* 20 June 1891 in Berlin, † 18 July 1984 ebena
paintress and graphic artist
Margarete Kubicka, a representative of expressive cubism, always understood her artistic work as a political activity. Together with her German-Polish husband, the painter Stanislaw Kubicki, she co-founded the Polish Expressionist group BUNT in 1918 and published prints and poems in Pfemfert's journal "Die Aktion”. In 1922, the artist couple is among the organisers of the "International Exhibition of Revolutionary Artists" in Berlin. The following year Margarete Kubicka joined the "Group of Progressive Artists". This Marxist-oriented artists' association, founded in 1920, was one of the most important artistic-political movements on the Rhine during the Weimar Republic, together with the Cologne Dada Movement and the “Young Rhineland”. The painter took part in an exhibition of the group in Moscow in 1926 and in Chicago in 1930.
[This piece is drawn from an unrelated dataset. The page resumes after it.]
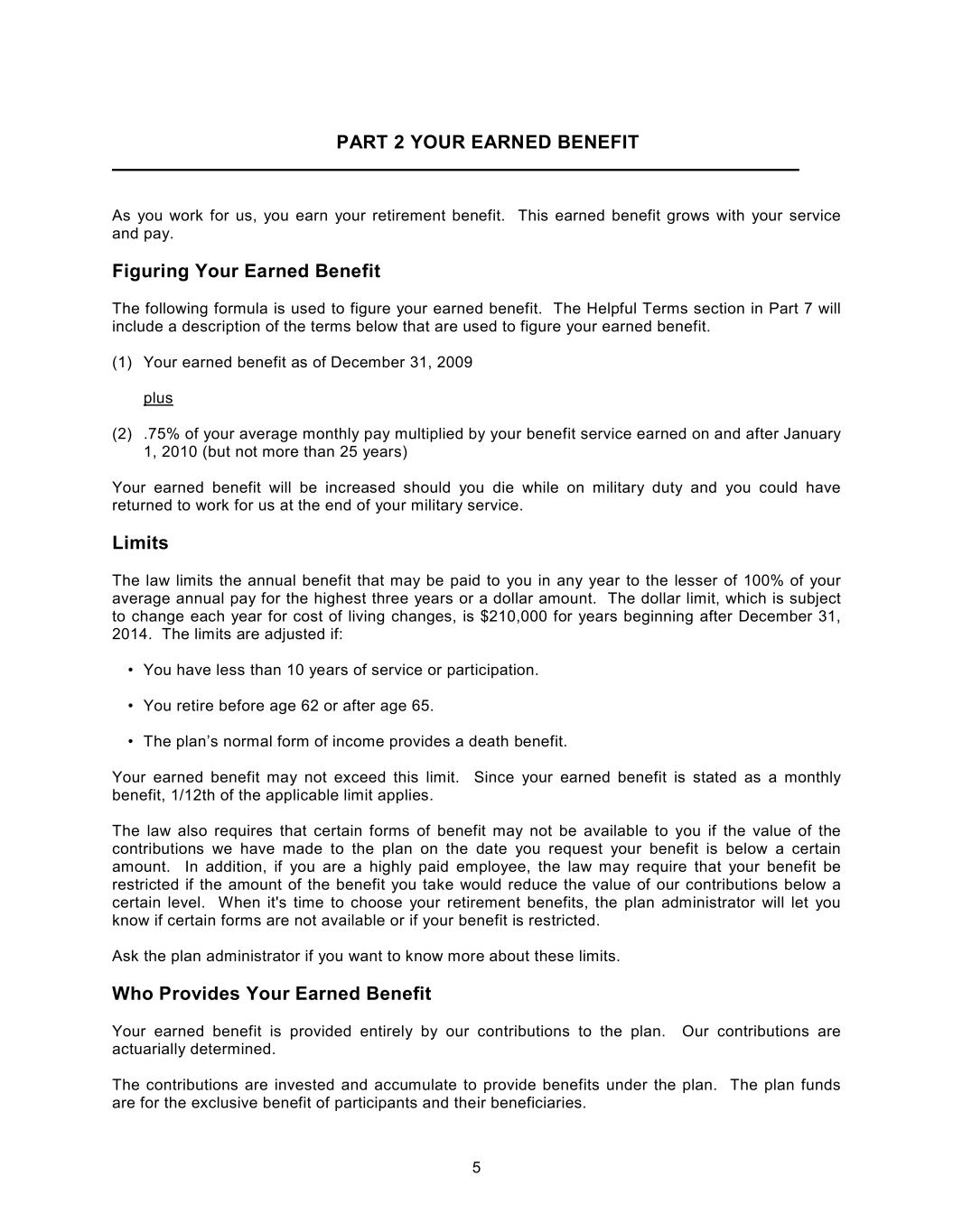 5 PART 2 YOUR EARNED BENEFIT As you work for us, you earn your retirement benefit. This earned benefit grows with your service and pay. Figuring Your Earned Benefit The following formula is used to figure your earned benefit. The Helpful Terms section in Part 7 will include a description of the terms below that are used to figure your earned benefit. (1) Your earned benefit as of December 31, 2009 plus (2) .75% of your average monthly pay multiplied by your benefit service earned on and after January 1, 2010 (but not more than 25 years) Your earned benefit will be increased should you die while on military duty and you could have returned to work for us at the end of your military service. Limits The law limits the annual benefit that may be paid to you in any year to the lesser of 100% of your average annual pay for the highest three years or a dollar amount. The dollar limit, which is subject to change each year for cost of living changes, is $210,000 for years beginning after December 31, 2014. The limits are adjusted if: • You have less than 10 years of service or participation. • You retire before age 62 or after age 65. • The plan’s normal form of income provides a death benefit. Your earned benefit may not exceed this limit. Since your earned benefit is stated as a monthly benefit, 1/12th of the applicable limit applies. The law also requires that certain forms of benefit may not be available to you if the value of the contributions we have made to the plan on the date you request your benefit is below a certain amount. In addition, if you are a highly paid employee, the law may require that your benefit be restricted if the amount of the benefit you take would reduce the value of our contributions below a certain level. When it's time to choose your retirement benefits, the plan administrator will let you know if certain forms are not available or if your benefit is restricted. Ask the plan administrator if you want to know more about these limits. Who Provides Your Earned Benefit Your earned benefit is provided entirely by our contributions to the plan. Our contributions are actuarially determined. The contributions are invested and accumulate to provide benefits under the plan. The plan funds are for the exclusive benefit of participants and their beneficiaries.

After 1933, Margarete Kubicka took an active part in the struggle against the Nazi regime. After the war she found a new formal language in her artistic work. Her colourful watercolour series tell - often with allegorical and mythological references - of the crisis experienced by mankind. The large-format paintings from the series "Man Conquers the Earth" and "Past, Controversial, Emerging Religions" are representative of this.
The artist has received numerous tributes. The “Neue Berliner Kunstverein” (1976) and the “Berlinische Galerie” (1992), among others, have dedicated exhibitions to her life and work. In 2017, a bridge in Berlin-Neukölln has been named after the artist; in 2020, the library in Berlin-Britz received her name.